Becoming a SME (subject matter expert) in a certain technology (that would benefit the org) and then evangelizing that technology within the organization is a mark that I look for in a senior.
> evangelizing that technology within the organization
Ever heard of the term "architecture astronaut"?
> Your typical architecture astronaut will take a fact like “Napster is a peer-to-peer service for downloading music” and ignore everything but the architecture, thinking it’s interesting because it’s peer to peer, completely missing the point that it’s interesting because you can type the name of a song and listen to it right away.
I mean, I guess it's true that once one understands a certain problem area better than most peers, they will be able to find better alternative tech to solve the problem at hand. But, the other side of that coin is embracing or evangelizing a technology that is not appropriate to the problem (and thus possibly harmful to the business). "Hype driven development" and/or "resume driven development" are some instances of this.
BTW, I stumbled upon a relatively recent and relatively unknown development in CS (with potential real-world applications in parsing formal languages) some time ago, and evangelizing the technology is on my todo list since then. How to do this without seeming like an architecture astronaut? The fields of parsing and formal languages are actually quite unloved in both industry and academia in recent decades, so a more general question is also pertinent: how to get people interested in something that is widely considered boring, or even a solved problem? I guess starting a blog would be a good idea?
Care to elaborate? I would associate that to a beginner, and I'd expect a senior to simply advocate for whatever technology works best in each case (i.e., while the junior is focused on a single technology, the senior knows several and keeps in mind that they are just tools to solve business problems)
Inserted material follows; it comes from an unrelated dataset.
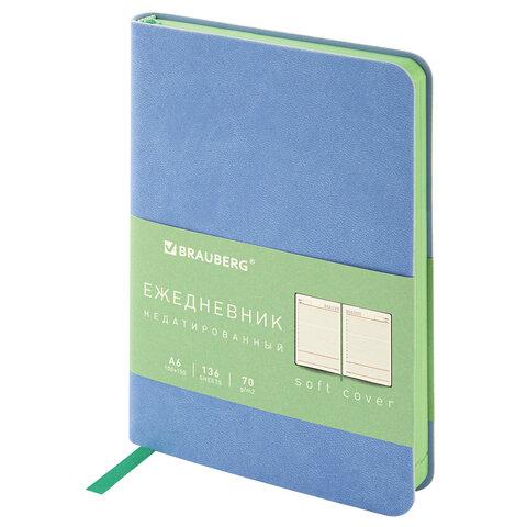Ежедневник недатированный МАЛЫЙ 100х150 мм А6 BRAUBERG "Metropolis Mix", под кожу, 136 л., голубой, 113307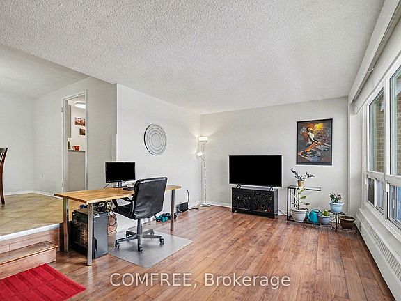 Stunning Bright panoramic view of Ottawa and sunset 3 bdrm unit condo apartment located in a sought after Hillsview Towers /Beacon Hill well maintained with many amenities. Located close to everything. Primary bdrm has 2 piece en-suite bath & walk in closet, & 2 other good sized bdrms. Part of wall has been removed between 2nd and 3rd bdrm but can easily be converted back if needed. Laminate flooring & tile throughout. Dining room overlooks sunken living room with access to balcony with gorgeous South -Western -North view. 2 wall mounted A/C units, heat pump system on balcony, & electric heat professionally installed. Condo fees include heat, hydro, water, 1 underground parking space in prime location near building entrance, locker. Unit has also storage room inside. Amenities include: car wash, bike room, sauna, guest suites, inground pool with lifeguards, party room, club house 50+ With pool table & some gym equipment, admin office onsite, bright clean shared laundry room. Close to transit, shopping, schools wave pool, downtown, bike paths and Ottawa river. Blair & Montreal Road OT stations

Becoming a SME in, let’s say Typescript (or for any statically typed language), for example easily takes 2-3 years unless you really excelled in type theory in college. Knowing the ins and outs of advanced types, generics, conditionals, etc and also having implemented these things to a degree where you can do it in your sleep.
No way a junior would be able to do that. Seniors have deep knowledge of the systems/technologies that they work in and are able to articulate that to more senior management on why using that particular thing is the way to go.
Obviously you want seniors to have more than just one (for both their sake and the organization) but it’s a mark that they’ve attained at least one technology that they’ve “leveled up” so to speak.
That is an expensive thing to ask to a person (to be fair, depends on the depth you are asking), since that skill might be useless outside your organization, how do you manage this fact?
I’ve slowly been transitioning into a senior developer. It seems the closer I get, the more management/supervision I do, so the less time to work on my skills.
Your experience allows you to become a force multiplier by teaching/coaching others. Which requires learning that as a skill. Might not be a skill you want, but it’s a skill
It's very hard to kill your darlings as a developer, you have the whole edifice of software engineering best practice right there on people's blogs, there are infinite frameworks, libraries and languages at your fingertips. An appreciation for what's theoretically possible is always useful, but I will hire, promote, and throw money at people who can deliver a 75% solution to a problem with 90% confidence. I will struggle with people who aim for 100% solutions that never materialise.
I don't think that I (as a younger programmer or if I'm honest even quite recently) would want to hear this, from my future self or anyone else, but I would have been happier accepting it early in my career.